À force, on finit par se poser la ques­tion : mettre un pied dans le bain de la paren­ta­li­té alter­na­tive 2.0, est-​ce prendre le risque de finir aspergé·e par les idéo­lo­gies les plus radi­cales ? “Il y a un spectre. Par exemple, dans la mou­vance trad­wife – et quoiqu’on pense de cette der­nière –, il y a beau­coup de conte­nus assez inno­cents. Mais il existe aus­si des conte­nus beau­coup plus poli­ti­sés dans la sphère de la paren­ta­li­té. Comme le mou­ve­ment Mom for Liberty, un groupe d’extrême droite de mères qui a émer­gé aux États-​Unis pen­dant la pan­dé­mie. Aujourd’hui, c’est deve­nu un mou­ve­ment anti-​trans, anti-​éducation de genre, très orga­ni­sé, qui mène des opé­ra­tions d’intimidations dans les écoles”, détaille la cher­cheuse Cécile Simmons. Le risque étant, selon elle, qu’en s’abonnant à des comptes a prio­ri ano­dins, on finisse, par le jeu des algo­rithmes, à se retrou­ver dans les mailles d’influenceurs·euses bien plus tendancieux·euses. Comme l’a mon­tré l’étude qu’elle a publiée en jan­vier 2024 pour la Fondation des femmes sur l’influence des mou­ve­ments anti­avor­te­ment sur les réseaux sociaux. Dans le cadre de cette enquête, elle a créé un compte Instagram cen­sé appar­te­nir à une jeune femme mani­fes­tant un inté­rêt pour les conte­nus sur l’avortement. Sur la pla­te­forme, neuf des dix comptes qui lui ont été les plus sou­vent recom­man­dés par les reels étaient consa­crés à la mater­ni­té : par­mi eux, huit étaient affi­liés à la mou­vance trad­wife.

C’est ce qu’on appelle l’effet “ter­rier de lapin”. “C’est-à-dire que, dès que vous com­men­cez à inter­agir avec cer­tains conte­nus, ça vous entraîne dans une spi­rale un peu plus radi­cale. Et c’est le dan­ger que je vois avec les comptes ‘paren­ta­li­té natu­relle’, Montessori, etc. Beaucoup de choses là-​dedans sont assez inno­centes, mais peuvent entraî­ner vers des conte­nus plus dan­ge­reux, avec des effets de dés­in­for­ma­tion (notam­ment en san­té), de rup­ture et de per­tur­ba­tion du dis­cours poli­tique”, alerte Cécile Simmons. Qui rap­pelle, au pas­sage, que ces com­mu­nau­tés paren­tales 2.0 viennent iso­ler les parents qui viennent y cher­cher… une com­mu­nau­té, justement.

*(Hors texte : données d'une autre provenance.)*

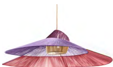
blackberry purple/mauve/ soft pink/pink beige 00AMFLS3M-A

“En tant que parent, lorsqu’on est seul, on peut pas­ser beau­coup de temps sur les réseaux sociaux à suivre ces influen­ceurs, qui offrent en réa­li­té de fausses com­mu­nau­tés. Ils ont des dis­cours qui sont très indi­vi­dua­listes, très axés sur l’amélioration de son foyer, sur l’optimisation indi­vi­duelle, par oppo­si­tion à la soli­da­ri­té col­lec­tive. Je pense que la meilleure chose qu’on puisse faire pour soi, c’est de sor­tir de ça et rem­pla­cer ces fausses com­mu­nau­tés en ligne par des vraies com­mu­nau­tés, avec les parents qui nous entourent au quo­ti­dien”, résume Cécile Simmons. Des parents aus­si impar­faits que nous, mais bien plus authen­tiques, fina­le­ment, que la plus nature des mom­fluen­ceuses.